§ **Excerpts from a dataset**
····················
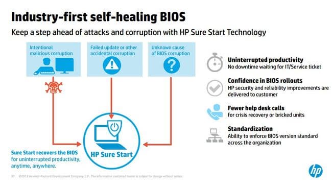 Наконец, в комплекте идет ПО, ответственное за обеспечение безопасности. Это могут быть аппаратные технологии — например, SureStart, которая автоматически восстанавливает BIOS при некорректном Bootblock из страховочной копии, т. е. сотрудник не останется со сдохшим ноутбуком. В некоторых ноутбуках НР работает и технология Anti-Theft от Intel.
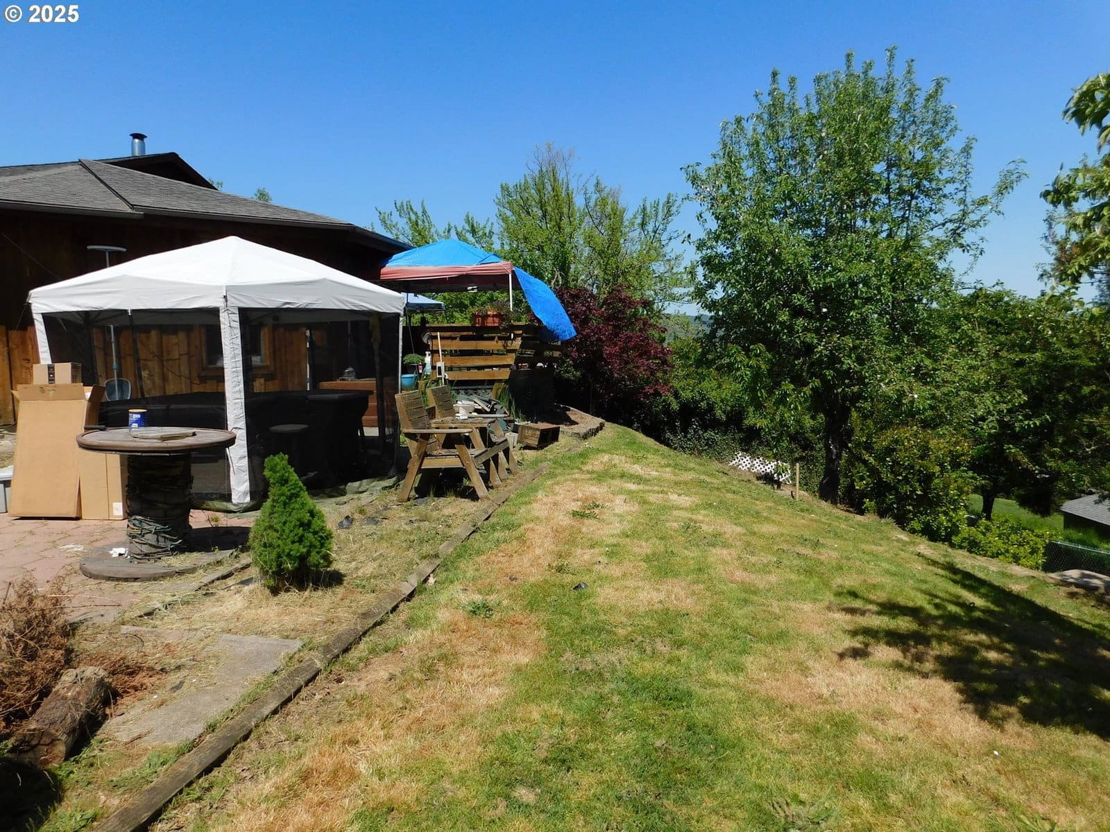 Great location with a custom built one level home located on .39 of an acre at the end of the road in Winston with City Services! Home built in 1981 with approximately 1,374 square feet, 3 bedrooms and 2 full bathrooms, primary bedroom and bathroom has a walk-in closet and slider door to deck, nice Kitchen with oodles of oak cabinets, lots of counter space, plus a pantry, Living room has beautiful vaulted wood ceilings, nice sized bedrooms, convenient laundry closet in hallway, Double attached garage, tool shed with electricity in it, property has room to park an RV, deck, brick patio with a hot tub and a firepit, fruit trees, Palm Tree, etc. A must see to appreciate.
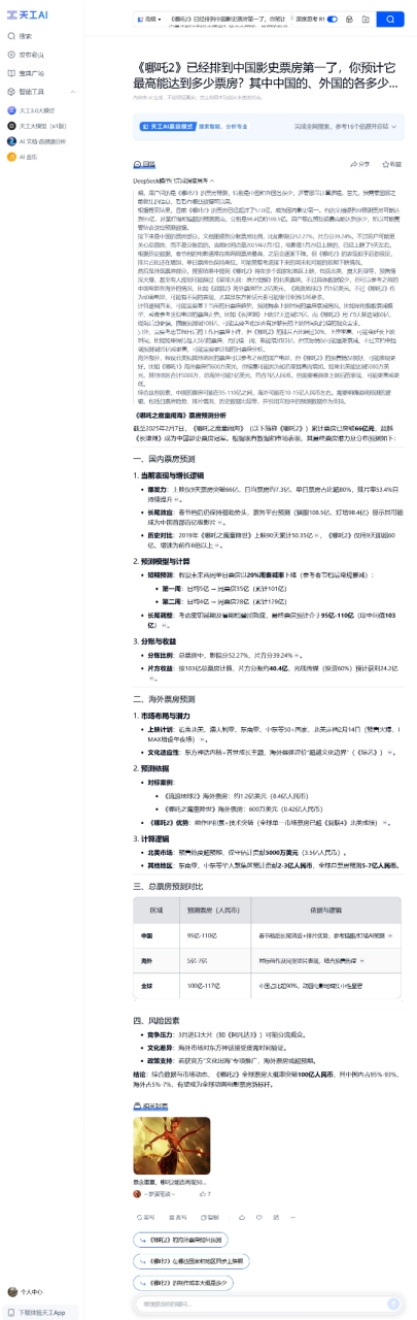在搜索領域,「天工AI」的“深度思考 R1”模式,可以輕松絲滑地集成“聯網搜索”功能。我們以2月6日票房剛剛登頂中國影史第一的《哪吒2》為例,讓它預測一下《哪吒2》的最終票房。
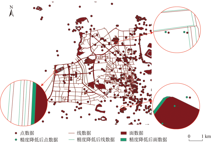 地理数据精度降低技术为解决上述问题提供了可行的途径。地理数据精度降低是指按照相关文件的要求过滤、删除涉密信息内容,降低空间精度,形成可在非涉密网环境中使用的公开数据集[2]。对于矢量数据的精度降低方法包括属性处理精度处理和几何精度降低,本文基于几何精度降低展开。
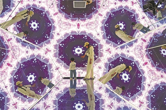 近日,在安徽省壽縣二十四節(jié)氣館,游客通過(guò)聲光電現(xiàn)代科技技術(shù)感受節(jié)氣文化。
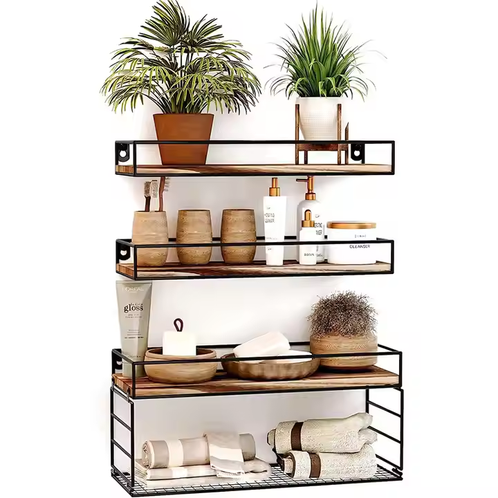 Rustic Retro Modern Vintage Sofa Console Tables Floating Wood Mounted Steel Rack for Tool Storage Rotating Living Room Wardrobe
····················
§ **What is required**
Without the pictures, transcribe exactly the lines above from the one containing "Great location with" through the last.

§ **Exercise answer**
 Great location with a custom built one level home located on .39 of an acre at the end of the road in Winston with City Services! Home built in 1981 with approximately 1,374 square feet, 3 bedrooms and 2 full bathrooms, primary bedroom and bathroom has a walk-in closet and slider door to deck, nice Kitchen with oodles of oak cabinets, lots of counter space, plus a pantry, Living room has beautiful vaulted wood ceilings, nice sized bedrooms, convenient laundry closet in hallway, Double attached garage, tool shed with electricity in it, property has room to park an RV, deck, brick patio with a hot tub and a firepit, fruit trees, Palm Tree, etc. A must see to appreciate.
在搜索領域,「天工AI」的“深度思考 R1”模式,可以輕松絲滑地集成“聯網搜索”功能。我們以2月6日票房剛剛登頂中國影史第一的《哪吒2》為例,讓它預測一下《哪吒2》的最終票房。
 地理数据精度降低技术为解决上述问题提供了可行的途径。地理数据精度降低是指按照相关文件的要求过滤、删除涉密信息内容,降低空间精度,形成可在非涉密网环境中使用的公开数据集[2]。对于矢量数据的精度降低方法包括属性处理精度处理和几何精度降低,本文基于几何精度降低展开。
 近日,在安徽省壽縣二十四節(jié)氣館,游客通過(guò)聲光電現(xiàn)代科技技術(shù)感受節(jié)氣文化。
 Rustic Retro Modern Vintage Sofa Console Tables Floating Wood Mounted Steel Rack for Tool Storage Rotating Living Room Wardrobe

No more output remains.